I will be continuing to learn more about experiments done on split-brain patients like Joe, and in my future posts I will discuss more about how the corpus callosotomy procedure works and the differences between partial and complete agenesis of the corpus callosum.

 

Sand, Rheanna. “Split-Brain Syndrome.” Encyclopædia Britannica , Encyclopædia Britannica, Inc. , 19 May 2016, www.britannica.com/science/split-brain-syndrome.

Markmcdermott, director. Split-Brain Patient ‘Joe’ Being Tested with Stimuli Presented in Different Visual Fields . YouTube, 5 May 2010, www.youtube.com/watch?v=aCv4K5aStdU.

Comments

  1. clopezsilva says:

    I have always found Split-Brain Syndrome quite phenomenal; in a patient like Joe, it’s clear from the beginning he understands the disconnection that exists between his two hemispheres and yet, he struggles to perform simple tasks that require their cooperation. Some might say the results of this study are somewhat counterintuitive: how can he easily draw a pan and yet be unable to vocalize the word? But this is what makes neuroscience such an exciting field. We tend to think of the human brain as a single unit that is responsible for making sense of reality, but what we can learn from patients like Joe is that our perception and interactions with the world are the result of an intricate process of coordination between independent regions of the brain; when this connection is interrupted by the severing of the corpus callosum, problems such as Split-Brain Syndrome arise.

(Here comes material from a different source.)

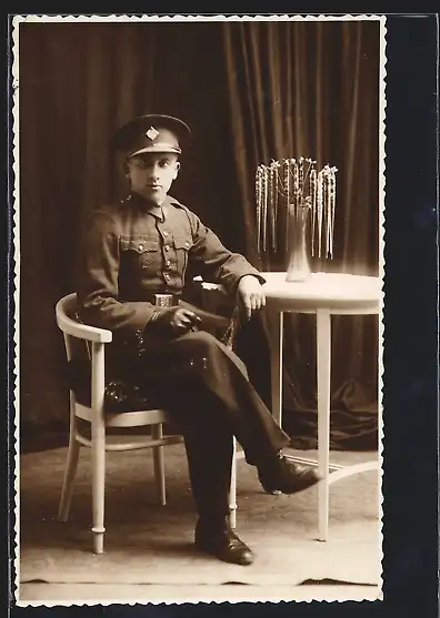 Foto-AK Tschechischer Soldat in Uniform nebst Tisch

    I really look forward to reading your next entries as your project develops and learning more not only about Split-Brain Syndrome but also about other conditions of the corpus callosum. For example, I wonder how the processes such as language acquisition and motor development of an infant suffering from agenesis of the corpus callosum (or as you mentioned, partial agenesis) might differ from those of a healthy one. It would be a really interesting read!

  2. First of all, I think your cousin’s story is amazing, extraordinary, and gives hope to others suffering like he had. These kinds of stories are what make me want to study the brain and how concussions and other traumatic events affect our functionality, like how you asked how the corpus callosotomy affects the functionality of those patients. It’s fascinating and confusing to us who have a fully intact brain, how people like Joe after the surgery can only name the object if they see it with their right eye and can only draw it if they see it with their left eye. These patients allow us to observe the effects and roles of the two hemispheres of the brain and what each one is able to do depending on where the individual received the stimulus, they also highlight the intricate circuits and wiring in the brain that we take for granted every day. This somewhat relates to those with second impact syndrome, which is when one person gets a concussion on top of another one, in that their corpus callosum is greatly deteriorated and have difficulties in similar aspects that split-brain patients have, but obviously to a lesser extent since they still have a connection albeit a weaker one. I think that you have chosen a great topic that I and I’m sure many others find interesting and want to find out more. I look forward to following your research throughout the summer!